* _The data_:
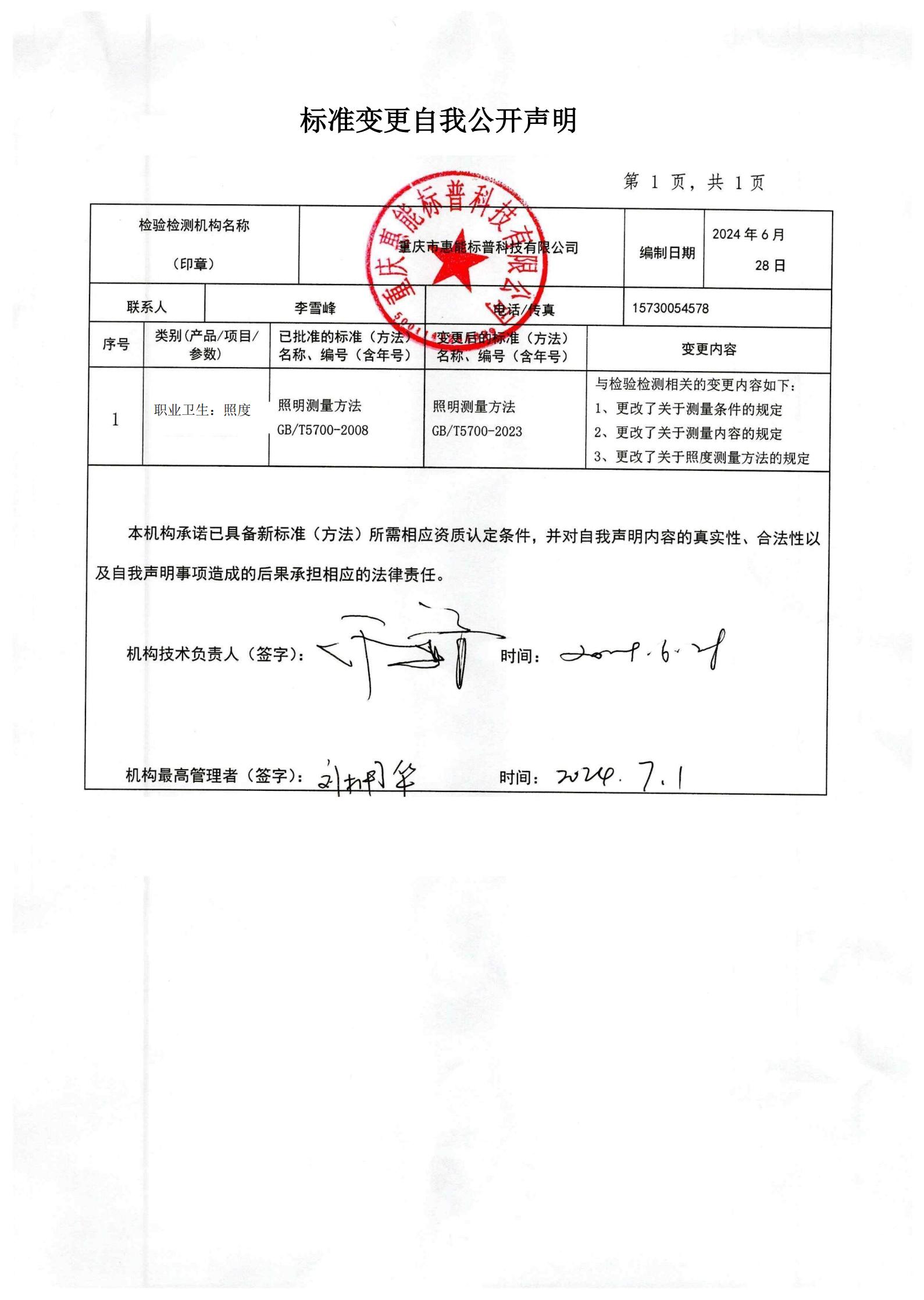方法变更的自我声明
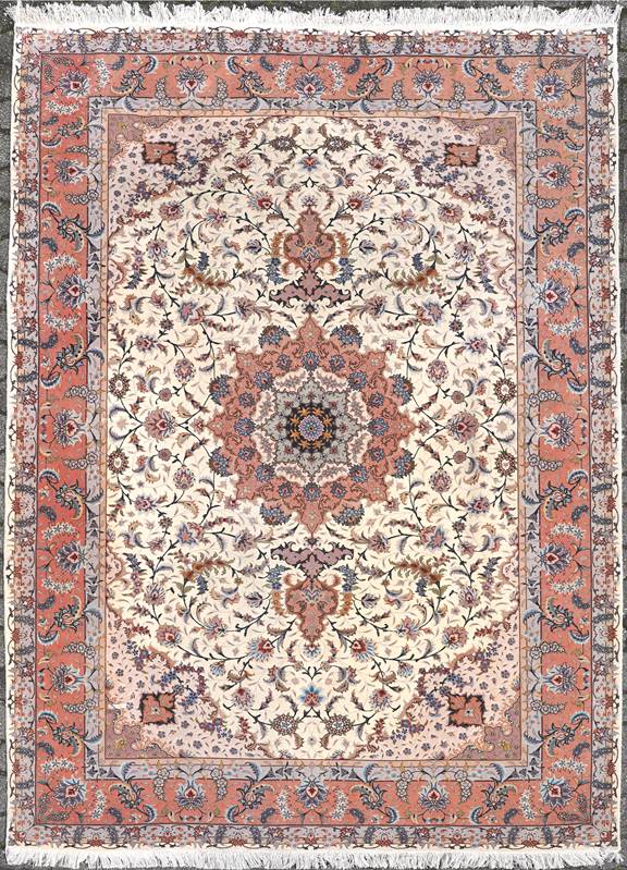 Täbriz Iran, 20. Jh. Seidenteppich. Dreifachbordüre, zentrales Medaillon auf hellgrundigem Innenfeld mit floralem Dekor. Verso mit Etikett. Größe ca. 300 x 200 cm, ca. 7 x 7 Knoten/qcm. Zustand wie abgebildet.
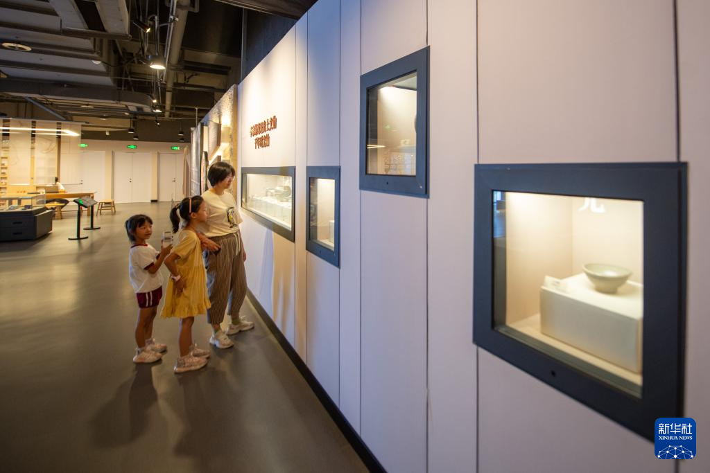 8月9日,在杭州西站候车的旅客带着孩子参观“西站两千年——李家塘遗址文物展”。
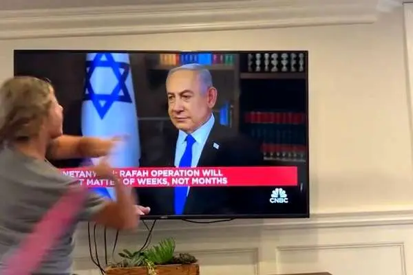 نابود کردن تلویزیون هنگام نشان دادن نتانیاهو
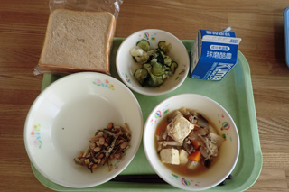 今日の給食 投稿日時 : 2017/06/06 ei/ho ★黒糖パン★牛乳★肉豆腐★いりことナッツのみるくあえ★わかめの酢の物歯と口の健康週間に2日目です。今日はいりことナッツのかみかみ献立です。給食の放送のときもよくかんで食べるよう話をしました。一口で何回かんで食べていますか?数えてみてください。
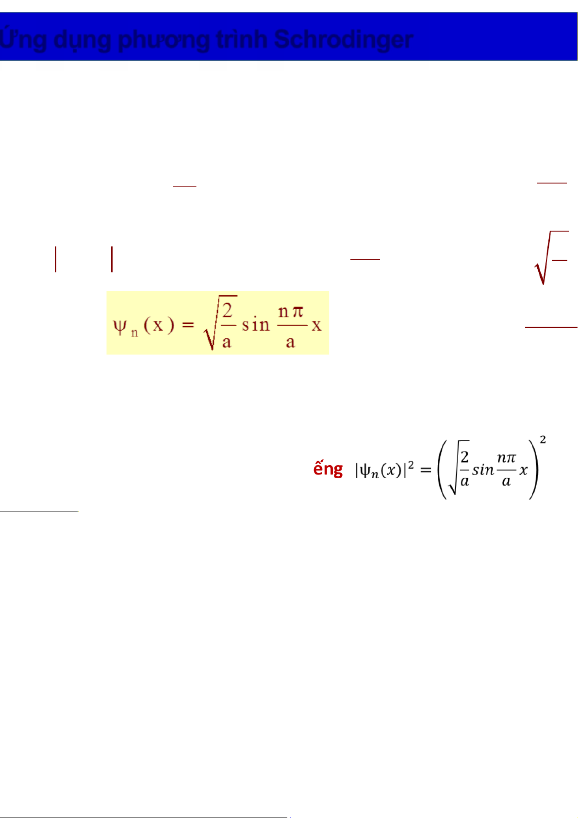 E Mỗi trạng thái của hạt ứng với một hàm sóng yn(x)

* _Exercise details_: Look through the material above. Transcribe exactly the lines between the ones with "Täbriz Iran, 20." and "今日の給食 投稿日時 : 2017/06/06", inclusive, and keep pictures out.

* _Written response_:
 Täbriz Iran, 20. Jh. Seidenteppich. Dreifachbordüre, zentrales Medaillon auf hellgrundigem Innenfeld mit floralem Dekor. Verso mit Etikett. Größe ca. 300 x 200 cm, ca. 7 x 7 Knoten/qcm. Zustand wie abgebildet.
 8月9日,在杭州西站候车的旅客带着孩子参观“西站两千年——李家塘遗址文物展”。
 نابود کردن تلویزیون هنگام نشان دادن نتانیاهو
 今日の給食 投稿日時 : 2017/06/06 ei/ho ★黒糖パン★牛乳★肉豆腐★いりことナッツのみるくあえ★わかめの酢の物歯と口の健康週間に2日目です。今日はいりことナッツのかみかみ献立です。給食の放送のときもよくかんで食べるよう話をしました。一口で何回かんで食べていますか?数えてみてください。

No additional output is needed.